If you can read this, that means my transition to ikiwiki has happened.
I've been interested in ikiwiki ever since Joey first wrote about it back in 2006, but it took me until just recently to finally bite the bullet and migrate to ikiwiki.
The plan was to retain everything, including comments, and I've mostly achieved that. Still, a few things were lost along the way:
- There were a few blog entries that had special characters in their filename which blosxom didn't care about but ikiwiki didn't like. Since there were only a handful of them, I've ignored those for now. It does mean those are now dead links, but I decided it's not worth bothering about much.
- My previous setup had a fairly intricate way to choose a different stylescript which I'm fairly sure nobody (but me) ever used. To keep things simple, I've decided not to port that over to ikiwiki. Instead, only the most recent 'grass' stylesheet has been retained (though it required some changes to accomodate for the fact that elements have different class names and ids in ikiwiki as compared to my own stuff, obviously)
- My own comment system had threading support, which ikiwiki does not seem to have. I did consider adding it, but I've decided not to care much.
I should note that at this point I've only ported the blog itself, not the rest of my website. While ikiwiki can be used for that as well, the parts outside of my blog are fairly static and don't change all that often. In addition, those bits are set up in an even uglier way, and I didn't want to fix them up just yet.
Things I've learned:
- ikiwiki does not track timestamps across git moves. Not sure whether this is a bug. It meant I couldn't rename the "special-characters entries" that I mentioned above, since the dates would be all wrong.

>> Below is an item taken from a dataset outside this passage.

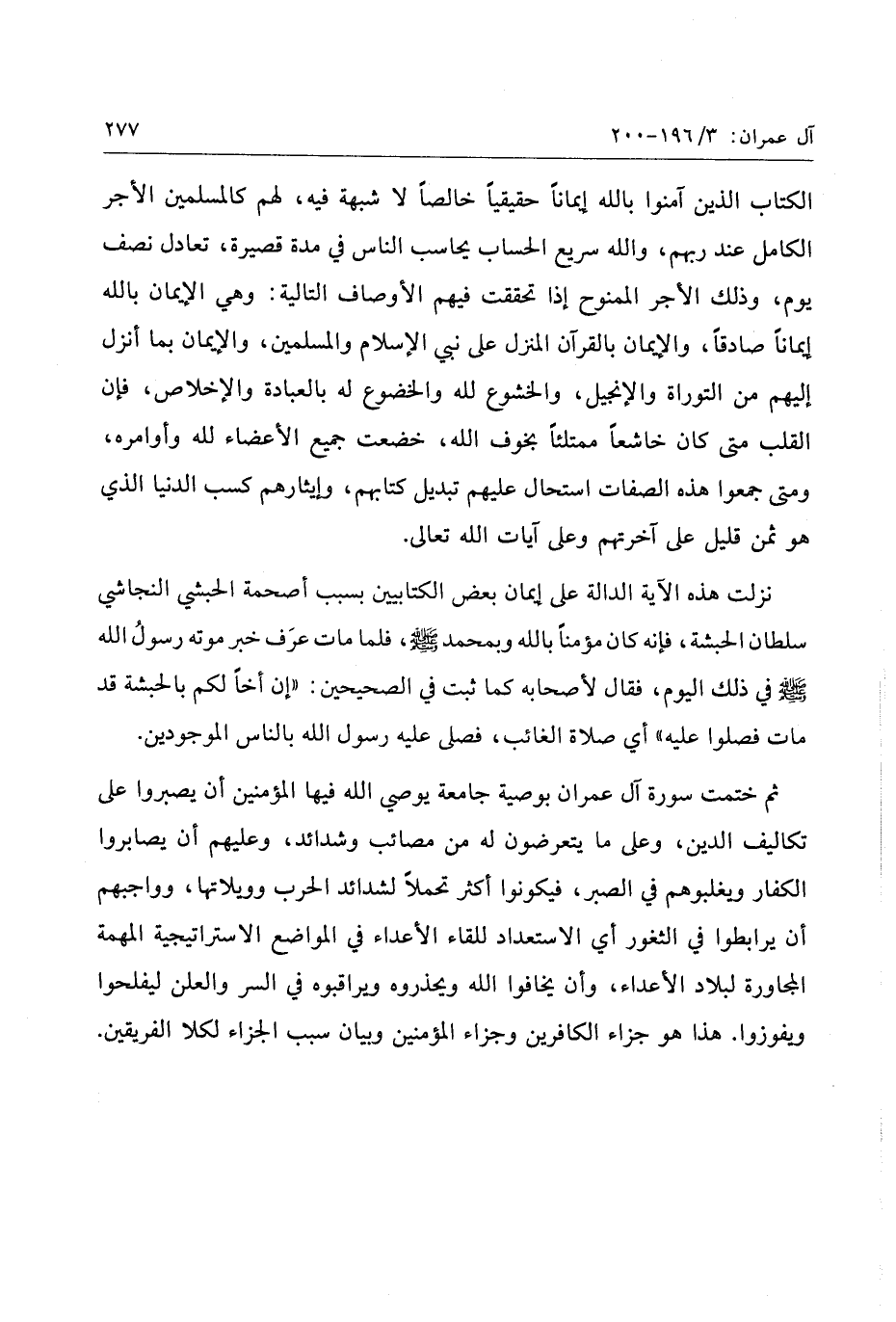 الكتاب الذين آمنوا بالله إيمانا حقيقيا خالصا لا شبهة فيه، لهم كالمسلمين الأجر الكامل عند ربهم، والله سريع الحساب يحاسب الناس في مدة قصيرة، تعادل نصف يوم، وذلك الأجر الممنوح إذا تحققت فيهم الأوصاف التالية: وهي الإيمان بالله إيمانا صادقا، والإيمان بالقرآن المنزل على نبي الإسلام والمسلمين، والإيمان بما أنزل إليهم من التوراة والإنجيل، والخشوع لله والخضوع له بالعبادة والإخلاص، فإن القلب متى كان خاشعا ممتلئا بخوف الله، خضعت جميع الأعضاء لله وأوامره، ومتى جمعوا هذه الصفات استحال عليهم تبديل كتابهم، وإيثارهم كسب الدنيا الذي هو ثمن قليل على آخرتهم وعلى آيات الله تعالى.

- You can cherry-pick an entire git branch onto another branch (without having to specify each and every commit individually), if you need/want to avoid a merge commit. Apparently ikiwiki got confused about the merge commit, and we ran in the above same issue; but with cherry-picking the commits from the git-svn branch on which they were, stuff was done correctly.
Is --gettime the option you need for that? It tells ikiwiki to use the commit timestamp instead of the source file's mtime. Makes things slow, but you should only need to use it for one rebuild.